On Earth, your skeleton is in a constant state of renovation. Specialized cells called osteoclasts break down old bone tissue while osteoblasts build new bone to replace it. This process is regulated, in part, by mechanical loading -- the stress of gravity pulling on your skeleton and the impacts of walking, running, and simply standing upright.

In microgravity, the loading disappears, and the balance shifts. Osteoclasts keep working, but osteoblasts slow down. The result is a net loss of bone density at a rate of roughly 1-2% per month, concentrated in the weight-bearing bones of the hips, spine, and legs. Over a six-month ISS mission, an astronaut can lose as much bone density as a postmenopausal woman loses in a year.

This is not just a number on a scan. It means weaker bones, increased fracture risk, and elevated calcium in the blood (which can cause kidney stones -- a medical emergency that has nearly occurred in space). Upon return to Earth, bone density does recover, but the process takes years, and some studies suggest it may never fully return to pre-flight levels after very long missions.

The primary countermeasure is resistance exercise. The Advanced Resistive Exercise Device (ARED) aboard the ISS allows astronauts to perform squats, deadlifts, and other loaded exercises that simulate the mechanical stress of gravity. It has been remarkably effective -- astronauts who exercise diligently on ARED lose significantly less bone than those on earlier stations without it.
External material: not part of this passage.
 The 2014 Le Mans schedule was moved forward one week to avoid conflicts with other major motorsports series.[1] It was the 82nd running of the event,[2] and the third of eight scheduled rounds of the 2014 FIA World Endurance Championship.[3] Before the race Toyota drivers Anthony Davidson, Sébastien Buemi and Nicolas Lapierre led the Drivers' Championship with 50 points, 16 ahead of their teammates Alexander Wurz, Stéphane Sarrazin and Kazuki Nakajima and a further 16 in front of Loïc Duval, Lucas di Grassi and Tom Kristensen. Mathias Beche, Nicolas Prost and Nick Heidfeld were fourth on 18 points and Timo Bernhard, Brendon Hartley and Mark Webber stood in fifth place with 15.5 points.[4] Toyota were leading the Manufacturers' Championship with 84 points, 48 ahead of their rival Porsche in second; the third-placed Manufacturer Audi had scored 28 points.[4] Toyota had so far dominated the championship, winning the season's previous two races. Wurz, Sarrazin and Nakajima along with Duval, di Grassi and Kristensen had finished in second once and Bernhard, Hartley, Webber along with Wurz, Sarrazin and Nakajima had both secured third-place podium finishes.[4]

But for Mars missions lasting two to three years, exercise alone may not be enough, and researchers are investigating pharmaceutical interventions, including bisphosphonates (drugs commonly used to treat osteoporosis on Earth).

Muscles: Use It or Lose It, Faster Than You Think

Muscle atrophy in space follows a similar logic. Without gravity to work against, the muscles that normally keep you upright -- the soleus in the calf, the erector spinae along the back, the quadriceps in the thighs -- begin to waste. Studies have shown that astronauts can lose up to 20% of their muscle mass during missions of just five to eleven days on early shuttle flights, before rigorous exercise countermeasures were implemented.
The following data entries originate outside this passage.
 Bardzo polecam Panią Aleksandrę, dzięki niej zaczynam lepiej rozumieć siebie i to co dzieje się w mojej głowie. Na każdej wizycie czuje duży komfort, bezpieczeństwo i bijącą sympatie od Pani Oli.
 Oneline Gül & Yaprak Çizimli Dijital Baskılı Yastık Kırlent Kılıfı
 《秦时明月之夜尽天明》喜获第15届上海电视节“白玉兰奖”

The ISS exercise program, which mandates roughly two hours of combined resistance and aerobic exercise per day, has dramatically reduced muscle loss. But it has not eliminated it. Even with diligent exercise, some degree of atrophy occurs, particularly in the fine motor control and coordination of the postural muscles. Astronauts returning from six-month missions often struggle with balance and coordination in the first days back on Earth, sometimes requiring assistance to walk.

For Mars missions, the challenge intensifies. After six to nine months of transit in microgravity, crews will need to be physically capable of working on the Martian surface (which has about 38% of Earth's gravity) almost immediately upon arrival. There will be no medical team waiting with wheelchairs. The crew will need to land, egress, and begin surface operations largely on their own. Maintaining sufficient muscle function during transit is a critical unsolved problem.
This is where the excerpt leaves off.